On Friday I was unceremoniously ditched. By email. Not to my face. Not even to my ear. By email.
It came out of the blue. Arriving in my inbox like a hammer to my heart. A tremor of shock rippling through my very being as I stood dumfounded in the midst of a busy bustling pub surrounded by the din and revelry of a colleague's leaving do.
Ironically I'd only just met said colleague who was leaving and we'd hit it off immediately and were having great fun exchanging anecdotes in full knowledge that our paths may not cross again. Investing in each other a degree of friendship and trust.
I'm naive. It is a fact of my life.
I place my faith in people and assume as a result they will be true to their word.
When they're not I feel silly. Very silly.
It is embarrassing. And wallowing in my foolishness it is hard to control my emotions. The temptation to hit back. To send them the email that you've redrafted dozens of times.
But when that initial anger passes, when you allow the deep breaths to regain your composure, you realise that naievity has its benefits too.
Imagine wandering through life as a cynic. Riddled with suspicion. Fueled by mistrust. And driven by deceit.

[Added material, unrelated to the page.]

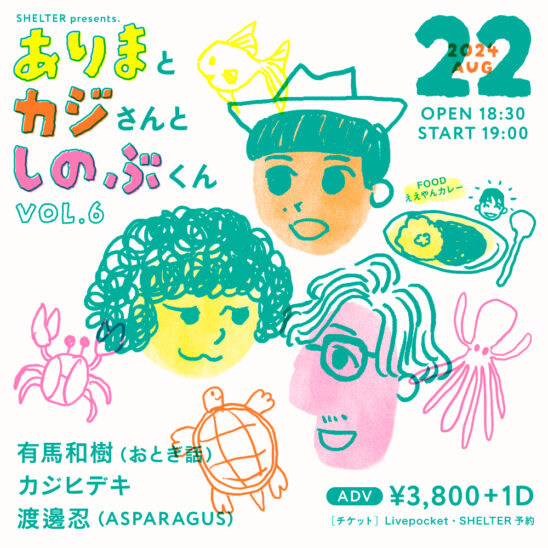 SCHEDULE 2024 08 22 Thursday SHELTER presents. 『ありまとカジさんとしのぶくん』VOL.6 OPEN 18:30 - START 19:00 Tweet 有馬和樹(おとぎ話) カジヒデキ 渡邊忍(ASPARAGUS) FOOD:ええやんカレー TICKETADV¥3800 / DOOR¥未定 【発売日】 6/21〜Livepocket https://t.livepocket.jp/e/s11s7 ・SHELTER予約 【入場順】 Livepocket→SHELTER予約 Share このイベントの予約は締めきりました。

I choose a different path.
I will always assume the best. Even if at times that means I'm taken for a ride.
Last night I lost my cap. It blew away in a gust of wind. The calamity that followed is worthy of a separate blog post. Suffice to say it involved four strangers and an umbrella. My hat remains at large.

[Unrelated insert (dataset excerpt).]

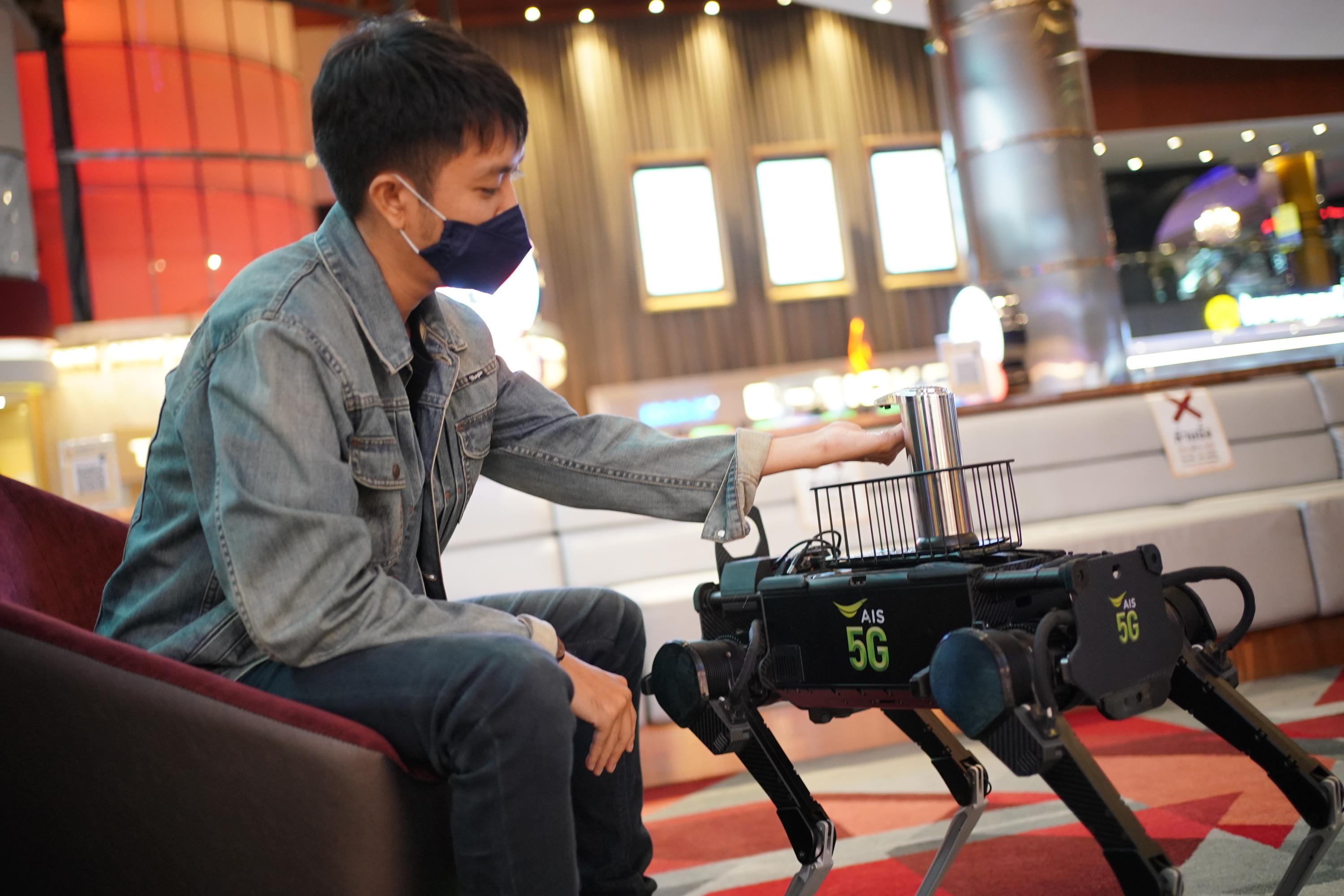 · หุ่นยนต์ AIS K9 บริการเจลแอลกอฮอล์ รอบๆ พื้นที่โรงภาพยนตร์

This morning I spotted these spectacles (pictured below) lying lonely on the street. They stopped me in my tracks. And got me thinking. They gave me a new perspective.
I slowly realised I recognised them. They looked familiar.
They were in fact my wife's glasses. Undamaged despite a night alone on the street outside.
For some reason I find that oddly comforting. As if the tide has turned in my favour once more.
The business deal I lost on Friday, the cap I dispensed of last night are but two blips on an otherwise wondrous voyage.
I am a better man as a result. I can raise my head higher. And you can't take that away from me.
Deep thoughts for a Sunday morning. But I feel better for sharing them.